What needs to be done: Only the pictures are to be omitted; every entry beneath should otherwise be duplicated exactly.

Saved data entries
------------

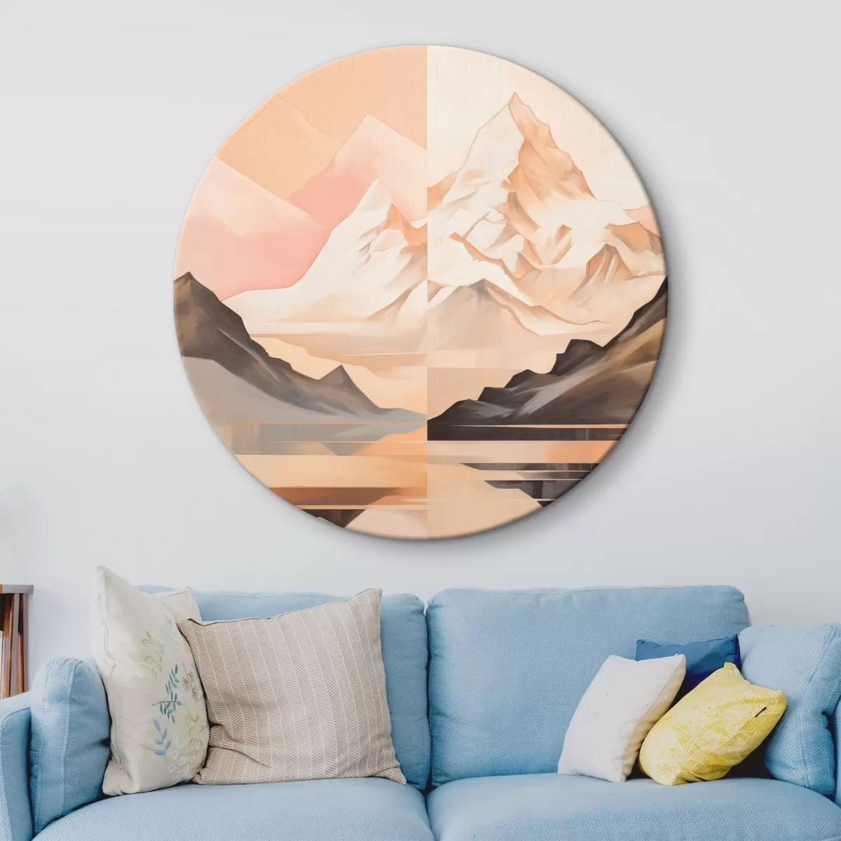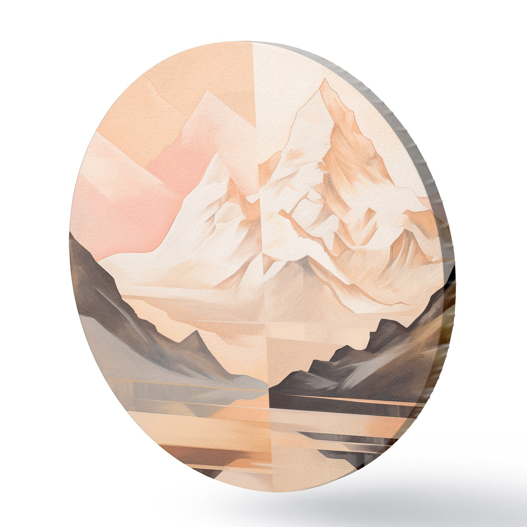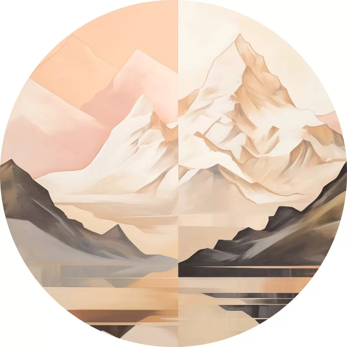 Quadri rotondi Paesaggio astratto con montagne e un lago, colori pastello, stile minimalista r45948
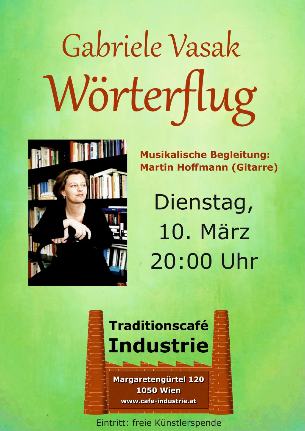 Die Wiener Schriftstellerin und freie Journalistin Gabriele Vasak fliegt in dieser Lesung am Saum der Wörter ihrer literarischen Werke durch das Universum der Sprache. Veröffentlichtes, aber auch bisher Unveröffentlichtes von „Mauersegeln“ über „Sturzfliegen“ bis hin zu dunkelweißen Gedichten mit der musikalischen Begleitung von Martin Hoffmann an der Gitarre.
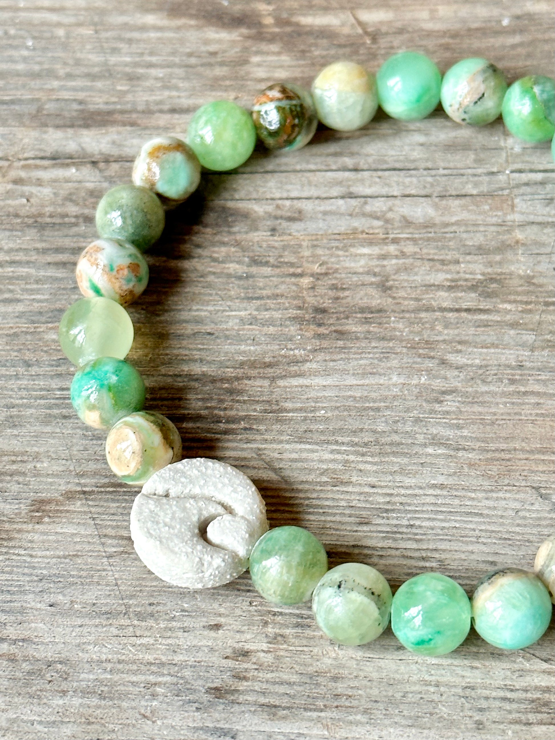 Armband i natursten (Kalcit) och handgjord keramikpärla i vit stengodslera med en våg.
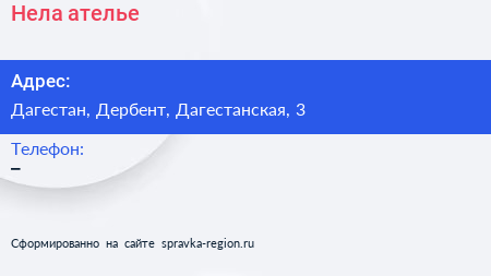 Нела, ателье по адресу Дагестан, Дербент, Дагестанская, 3 в дальнейшем Организация, размещена в следующих категориях:
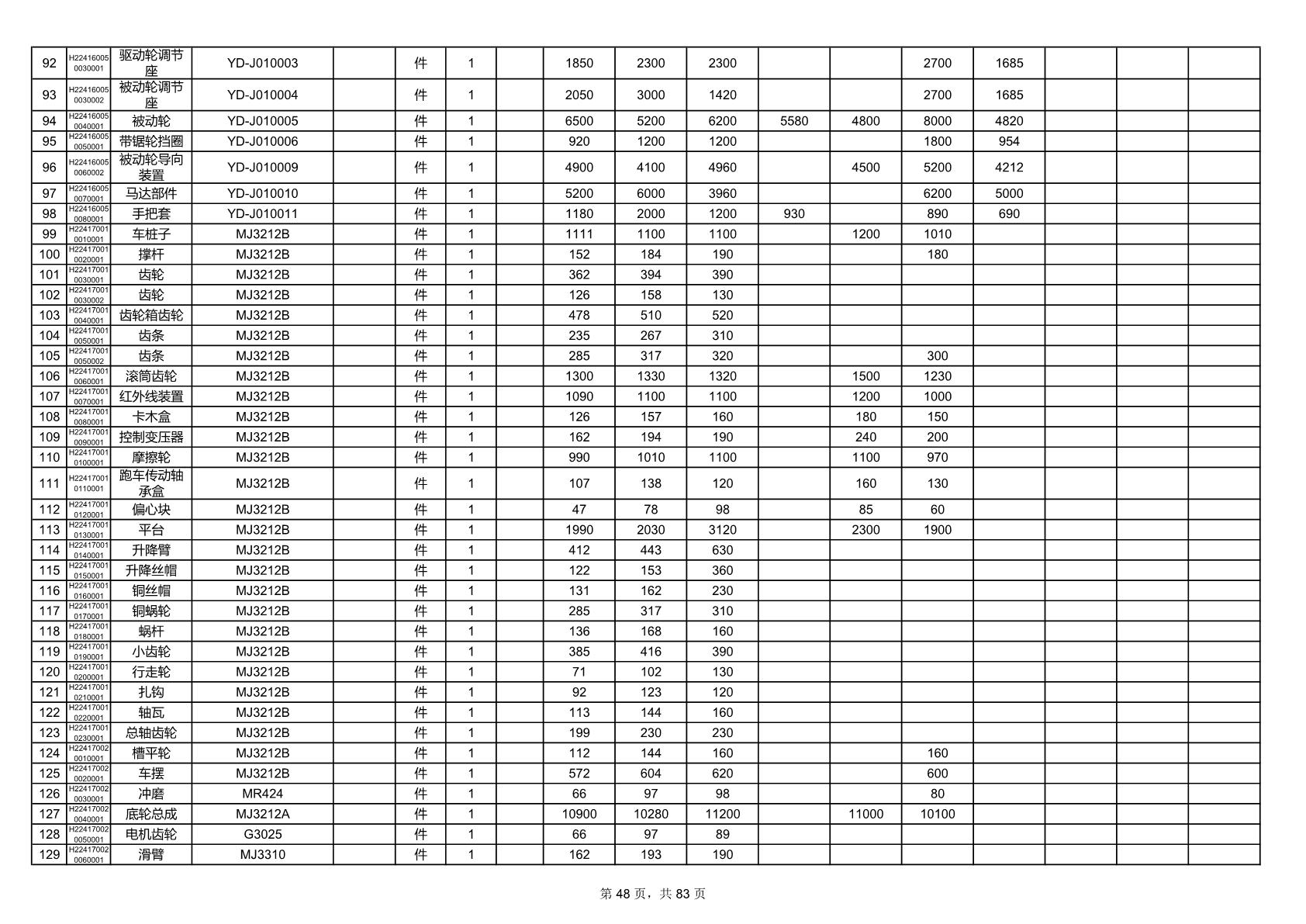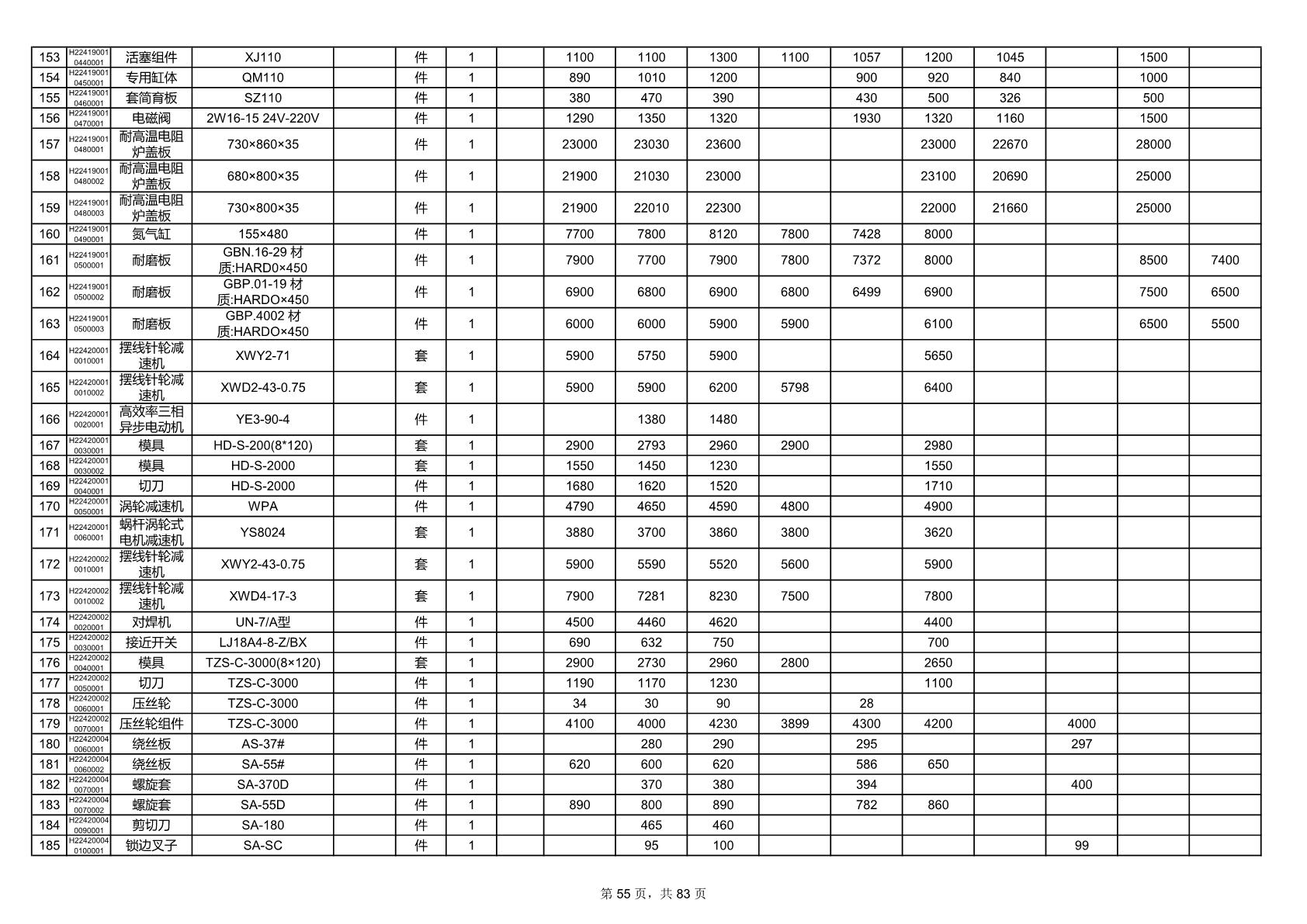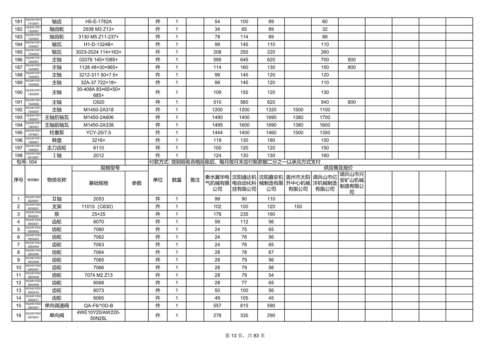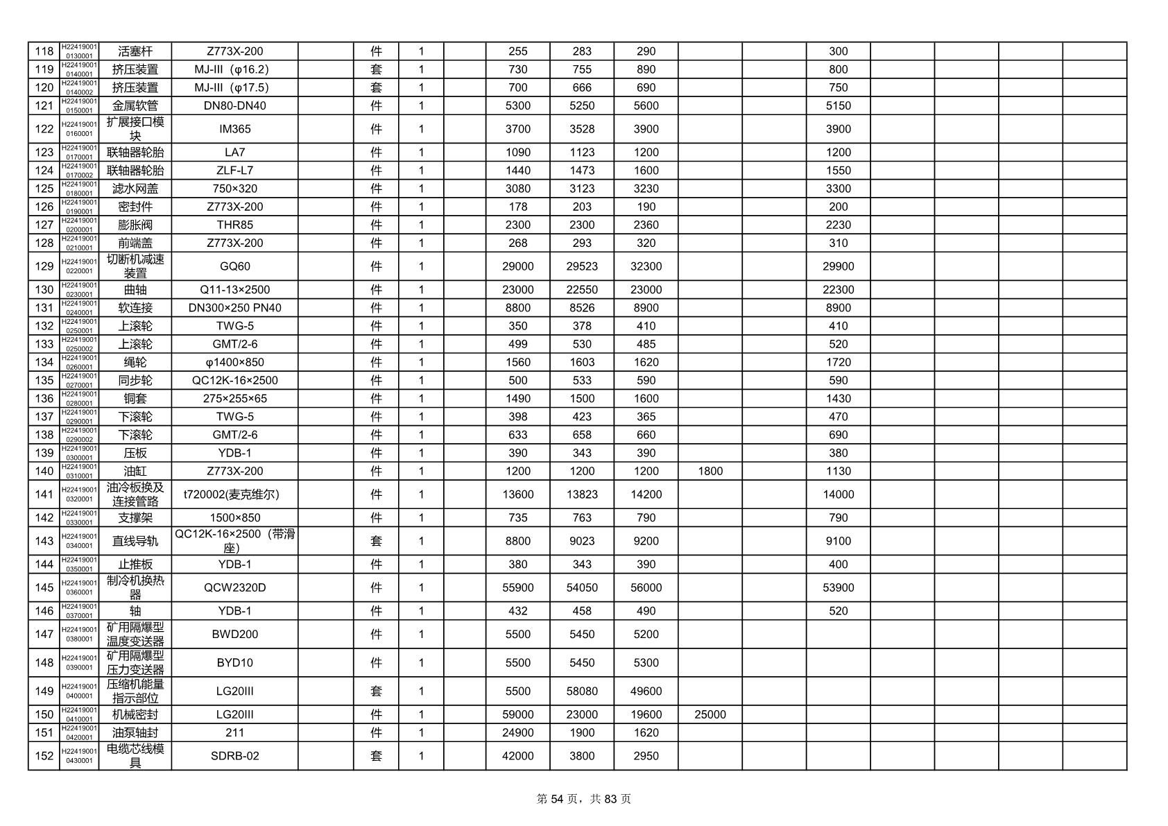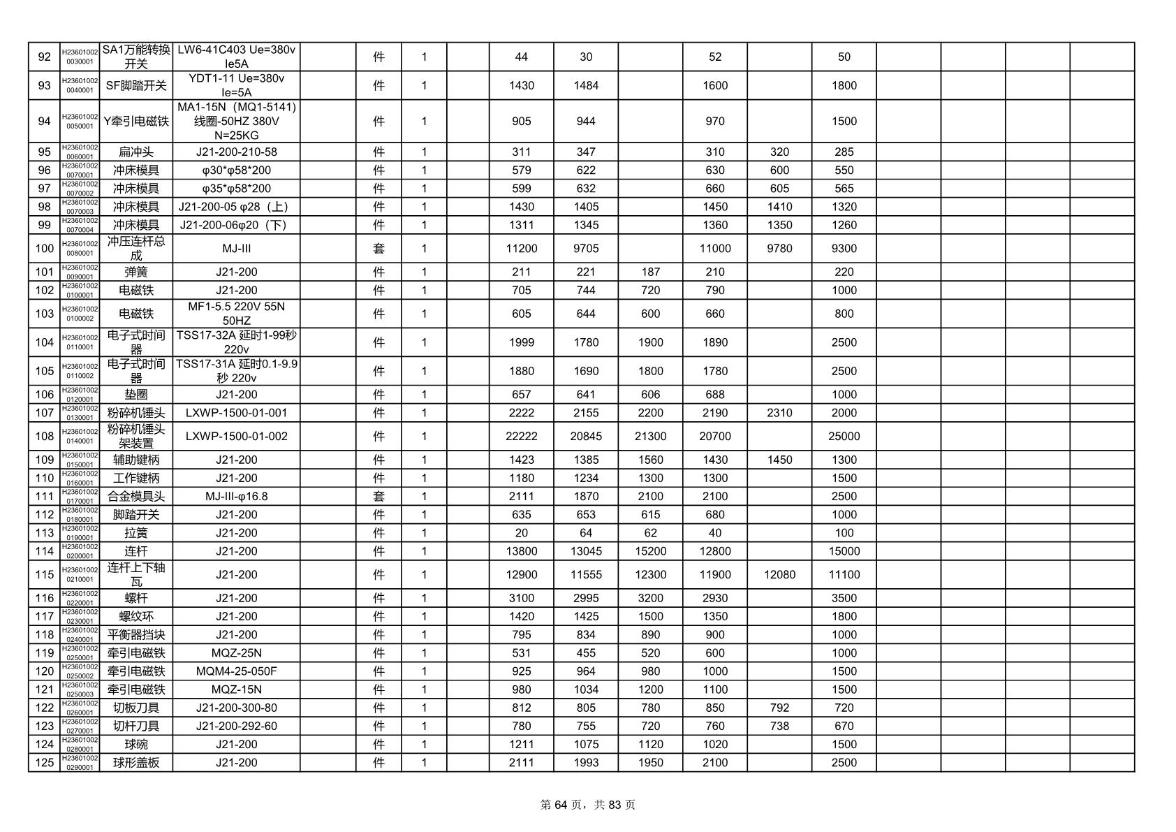 2025年9月29日配件开标记录表(0063P)
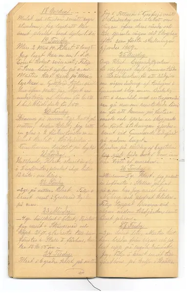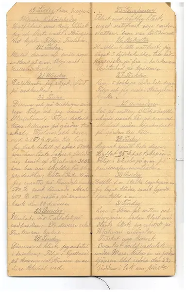 Dagböckerna innehåller stora mängder uppgifter om väder och jordbruk men även omvärldsbevakning.
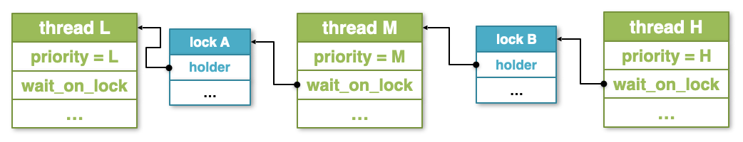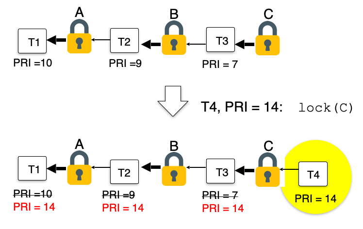 아래 그림처럼 Chained Lock Holding Relationship 인 경우 제일 높은 Prioirty 가 재귀적으로 Donate 된다
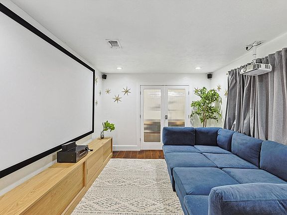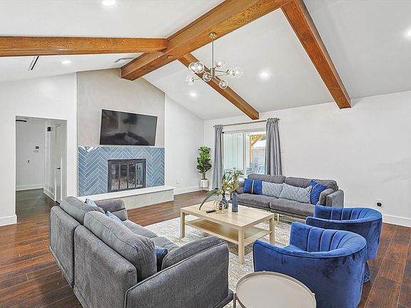 Step into this stunning living room and immerse yourself in designer furnishings and decor that exudes comfort and style. The vaulted ceilings and modern fireplace offer an air of sophisticated elegance. Sink into the plush couches and enjoy the abundant natural light that spills through the windows, creating an inviting and warm atmosphere. This living room is the perfect retreat for any occasion!
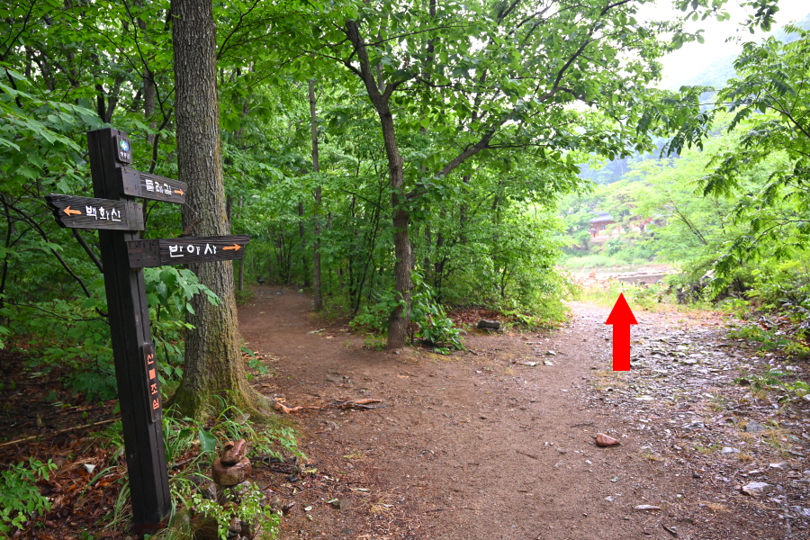 둘레길 안내도가 서 있는 공터에서 둘레길(1.5㎞)과 반야사는 오른쪽 계곡을 건너갑니다. 직진은 백화산 방향.

------------

Your solution:
 Quadri rotondi Paesaggio astratto con montagne e un lago, colori pastello, stile minimalista r45948
 Die Wiener Schriftstellerin und freie Journalistin Gabriele Vasak fliegt in dieser Lesung am Saum der Wörter ihrer literarischen Werke durch das Universum der Sprache. Veröffentlichtes, aber auch bisher Unveröffentlichtes von „Mauersegeln“ über „Sturzfliegen“ bis hin zu dunkelweißen Gedichten mit der musikalischen Begleitung von Martin Hoffmann an der Gitarre.
 Armband i natursten (Kalcit) och handgjord keramikpärla i vit stengodslera med en våg.
 Нела, ателье по адресу Дагестан, Дербент, Дагестанская, 3 в дальнейшем Организация, размещена в следующих категориях:
 2025年9月29日配件开标记录表(0063P)
 Dagböckerna innehåller stora mängder uppgifter om väder och jordbruk men även omvärldsbevakning.
 아래 그림처럼 Chained Lock Holding Relationship 인 경우 제일 높은 Prioirty 가 재귀적으로 Donate 된다
 Step into this stunning living room and immerse yourself in designer furnishings and decor that exudes comfort and style. The vaulted ceilings and modern fireplace offer an air of sophisticated elegance. Sink into the plush couches and enjoy the abundant natural light that spills through the windows, creating an inviting and warm atmosphere. This living room is the perfect retreat for any occasion!
 둘레길 안내도가 서 있는 공터에서 둘레길(1.5㎞)과 반야사는 오른쪽 계곡을 건너갑니다. 직진은 백화산 방향.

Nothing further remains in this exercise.